INPUT MATERIAL:
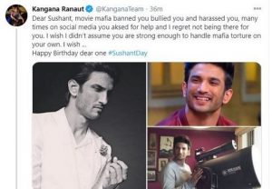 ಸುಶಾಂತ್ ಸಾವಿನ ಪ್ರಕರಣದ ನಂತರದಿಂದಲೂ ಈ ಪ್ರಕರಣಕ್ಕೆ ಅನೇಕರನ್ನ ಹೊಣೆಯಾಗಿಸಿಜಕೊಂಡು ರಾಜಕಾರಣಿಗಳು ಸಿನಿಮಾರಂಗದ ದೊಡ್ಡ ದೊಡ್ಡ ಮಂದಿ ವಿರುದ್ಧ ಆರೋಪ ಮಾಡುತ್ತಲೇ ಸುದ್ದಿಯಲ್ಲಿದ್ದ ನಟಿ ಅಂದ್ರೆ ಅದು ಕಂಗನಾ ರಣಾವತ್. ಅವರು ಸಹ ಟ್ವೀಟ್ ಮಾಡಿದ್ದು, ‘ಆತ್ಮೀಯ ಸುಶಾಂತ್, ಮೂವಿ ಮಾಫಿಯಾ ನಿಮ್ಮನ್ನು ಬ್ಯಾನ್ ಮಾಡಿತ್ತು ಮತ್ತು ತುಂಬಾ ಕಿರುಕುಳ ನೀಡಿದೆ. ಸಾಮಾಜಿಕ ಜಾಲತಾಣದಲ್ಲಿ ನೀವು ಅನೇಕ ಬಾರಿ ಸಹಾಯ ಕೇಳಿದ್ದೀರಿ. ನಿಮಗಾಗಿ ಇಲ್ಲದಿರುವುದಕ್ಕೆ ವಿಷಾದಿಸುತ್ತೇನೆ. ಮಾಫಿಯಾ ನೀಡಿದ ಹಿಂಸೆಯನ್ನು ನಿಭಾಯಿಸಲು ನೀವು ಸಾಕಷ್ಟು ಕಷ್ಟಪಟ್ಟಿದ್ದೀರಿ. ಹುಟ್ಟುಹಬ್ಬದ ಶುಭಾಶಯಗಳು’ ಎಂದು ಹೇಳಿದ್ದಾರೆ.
...
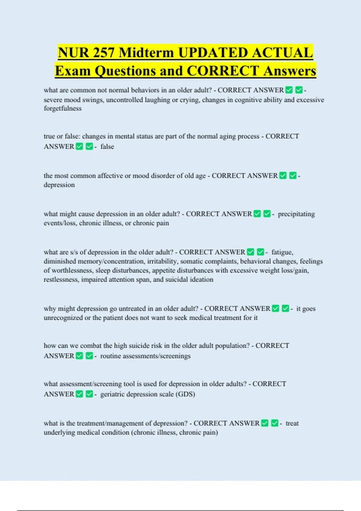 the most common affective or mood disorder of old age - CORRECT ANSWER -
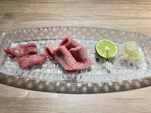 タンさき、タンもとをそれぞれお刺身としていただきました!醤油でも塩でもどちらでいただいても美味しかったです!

WHAT TO WORK ON: Print exactly, with no pictures, the lines above from the one that holds "the most common" through the one that holds "タンさき、タンもとをそれぞれ", both of them included.

TASK RESPONSE:
 the most common affective or mood disorder of old age - CORRECT ANSWER -
 タンさき、タンもとをそれぞれお刺身としていただきました!醤油でも塩でもどちらでいただいても美味しかったです!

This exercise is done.